AUSTIN – It could be that a pastry and a cup of java help forge the college path for a future math whiz from Lytle or gifted flute player from Fabens.
Beginning this academic year, the University of Texas System will be sponsoring informal coffee-and-pastry discussions for parents of prospective UT System institution students across the state.
The program – called Café con Leche (coffee with milk) and coordinated by the UT System’s Institute for Public School Initiatives (IPSI) – targets parents whose children have high financial need and who attend high schools that historically have had low college attendance rates.
The Texas Guaranteed Student Loan Corp. in September awarded the UT System $258,805 to launch the program, which has identified 130 high schools in Texas with low college-going rates and high concentrations of low-income students. The schools dot the Texas landscape, from urban areas to rural settings (Lytle is southwest of San Antonio while Fabens is south of El Paso).
“Many times, there are parents who know almost nothing about test prep or financial aid – or how they will ever find the resources to send their children to college,” said Ruby Rivera, IPSI’s statewide college access coordinator, who helped establish the program. “These meetings will offer them a comfortable forum and help remove some of the fears they have about their sons and daughters going off to college.”
But the informational sessions are more than just discussions. They provide a critical support network among parents and, more importantly, another avenue for qualifying for college financial assistance.
“Students in these schools and their parents require innovative personal counseling, interventions and need-based scholarships in order to overcome the significant environmental barriers to achieving a postsecondary education,” said Matt Orem, IPSI’s director of college access initiatives.
The biggest chunk of the program award ($166,000) will be used for need-based scholarships. The remainder will be for program support, such as travel, scholarship management and program evaluation.
Additionally, the UT System is creating a network of volunteers to work directly in low-income communities to help parents and students learn how to fill out financial aid forms and connect them with other resources to help them gain access to college.

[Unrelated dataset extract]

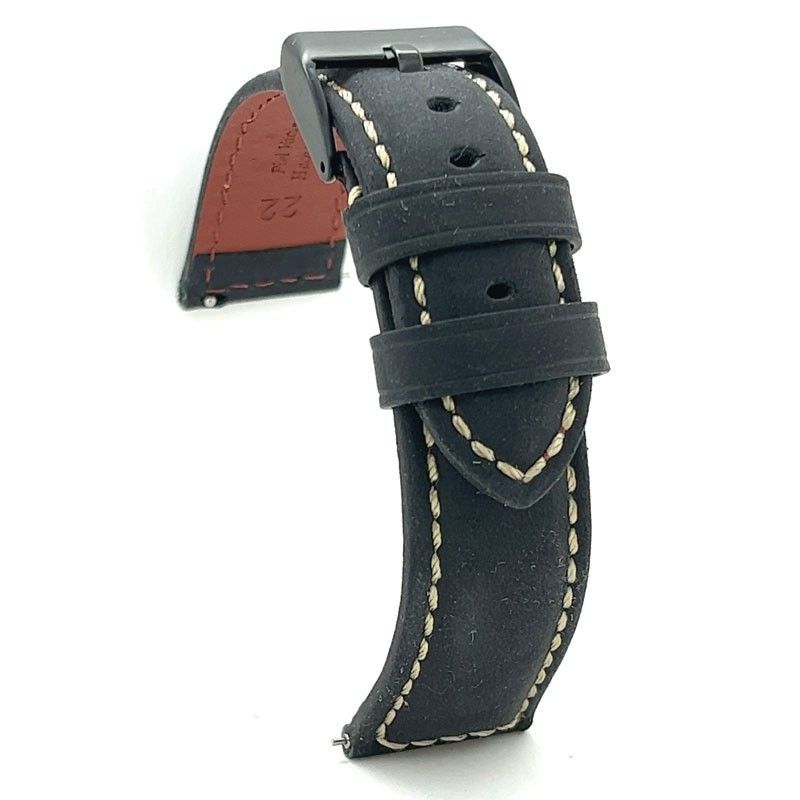 Pasek do zegarka skóra crazy horse białe przeszycie czarna klamra sportowy – Rozmiary 20mm 22mm 24mm – Diloy 397
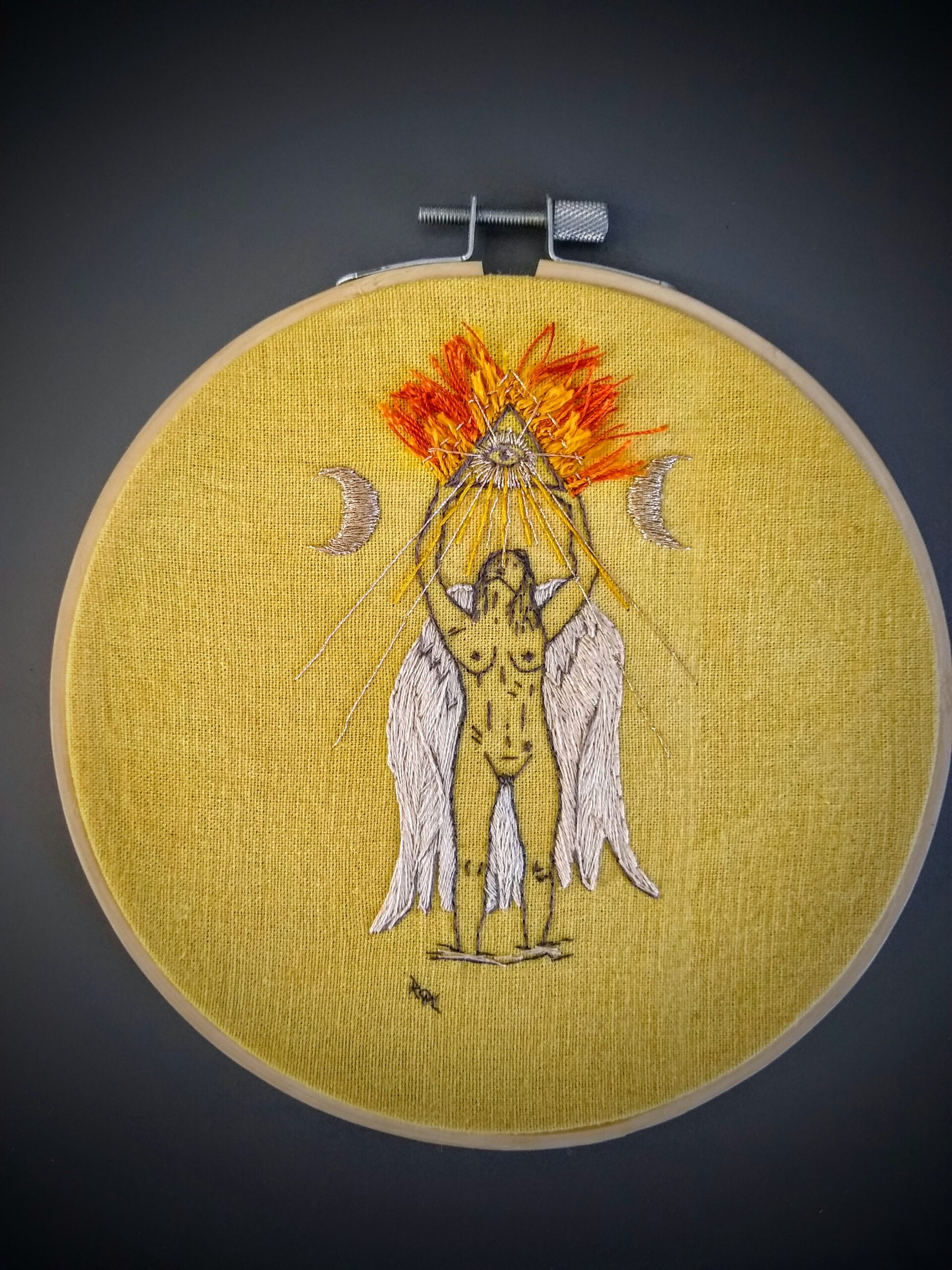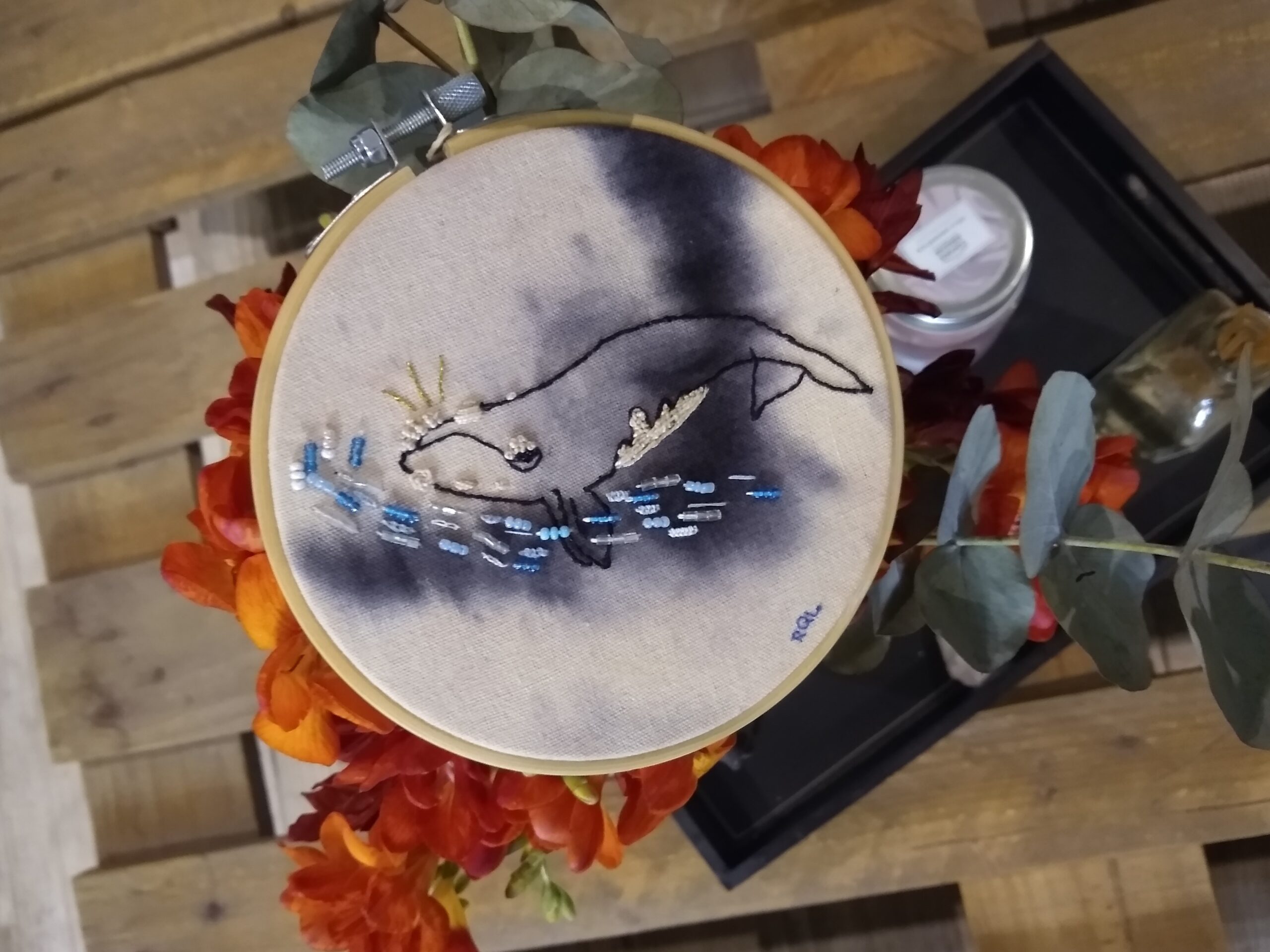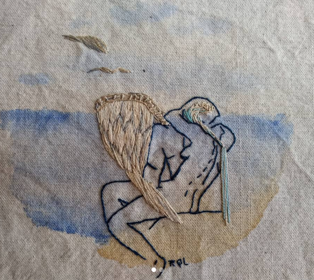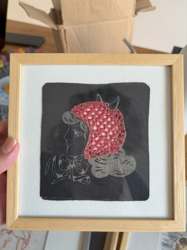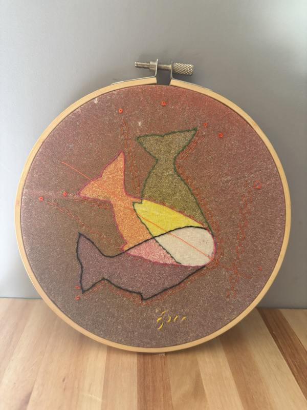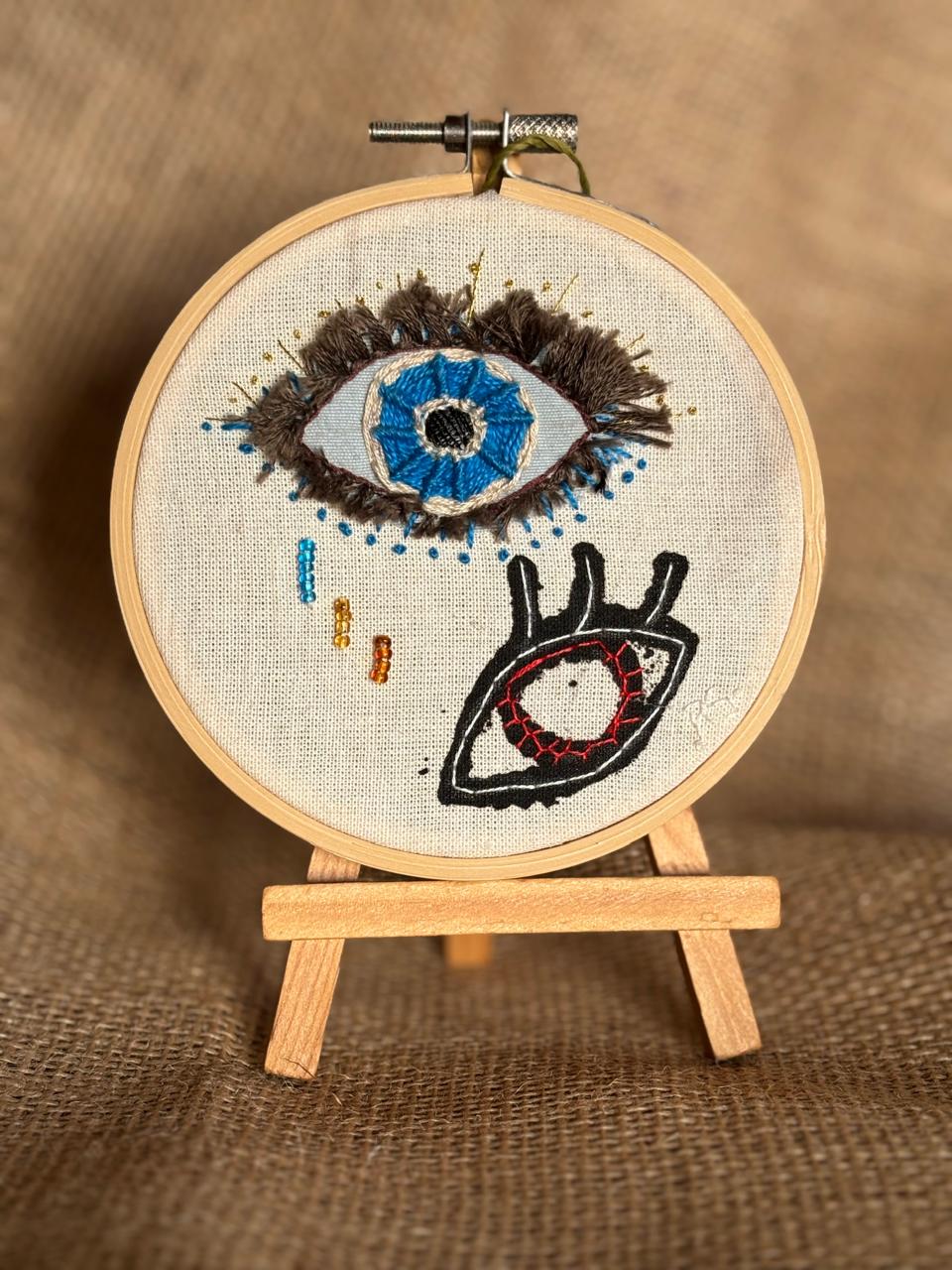 AmuletoBordado manual y serigrafía propia. 11cm.JulioBordado manual en tela antigua. Inspirado en Julio Cortázar. 16cm.BichaBordado de relieve en bastidor original. Lienzo antiguo. 11cmEntramadaBordado manual con apliques de tul. 13cmFondoBordado con tanza recuperada de la costa. En tela intervenida con tinte natural. 11cmAlma MaterBordado manual. Lienzo teñido con malbec. Bastidor en el que fue realizado. 38cm x 38cmManoCrearBordado manual enmarcado. Bastidor original de confección con aguja utilizada. 18,50cm x 18,50cmInternaBordado manual (revés). 26,5cm x 24cmInternoBordado manual (revés). 29cm x 25cmLa ComuniónBordado en tela con hilos de seda antiguos (pelo) y apliques de telas antiguas. 45cm x 45cm DescalzaÓleo sobre cartón 63cm x 51cmEl SaltoÓleo sobre tela inspirado en Baryshnikov 34cm x 28,5cm El nacimiento de las olasAcuarela intervenida con carbonilla, y bordado en papel. 27,5cm x 26cmIntroIlustración original intervenida. Enmarcada en vidrio. 31cm x 25cmRitualFotografía intervenidaLo que eraFotografía intervenidaCeibo FloreceCollage inspirado en poema con aplique de tejido vintage. 32cm x 25cmGon-KImpulsoCollage analógico. 27,5cm x 22,5cm Re-Misión TransgeneracionalMacramé tejido con apliques de alambre. 78cm x 98cm

“This program further demonstrates the UT System’s commitment to making college more accessible to Texans of all backgrounds, particularly those who historically have been underrepresented at our campuses,” said UT System Chancellor Mark G. Yudof. “Furthermore, that we have included a volunteer component to this worthy effort, which includes many of the system’s own employees, shows that we are mindful of our civic responsibility to educate more Texans.”
Café con Leche sessions will take place at high schools in regions around the UT System’s nine academic institutions.
The effort will help address the goals of the statewide initiative known as Closing the Gaps, which seeks to improve the college participation and graduation rates of minority students throughout Texas. Most schools in the low-income category have high minority populations.
The UT System grant was one of 42 awarded to institutions and non-profit organizations by Texas Guaranteed (TG). In all, TG announced more than $5.2 million in grants to advance college access, student retention and educational research.
“Worthy efforts such as the Café con Leche program strike at the very core of what we aim to accomplish: producing more college-ready students and eventually increasing the number of university graduates who come from historically underrepresented communities,” said Jacob Fraire, TG’s assistant vice president for Educational Alliances and Partnerships. “We are confident this meaningful enterprise will encourage students and perhaps inspire development of similar programs across the state that will help narrow the gap in higher education.”
The University of Texas System is one of the nation’s largest higher education systems, with nine academic campuses and six health institutions. The UT System has an annual operating budget of $10.7 billion (FY 2008) including $2.3 billion in research funded by federal, state, local and private sources. Student enrollment exceeded 190,000 in the 2006 academic year. The UT System confers more than one-third of the state's undergraduate degrees and educates nearly three-fourths of the state's health care professionals annually. With more than 80,000 employees, the UT System is one of the largest employers in the state.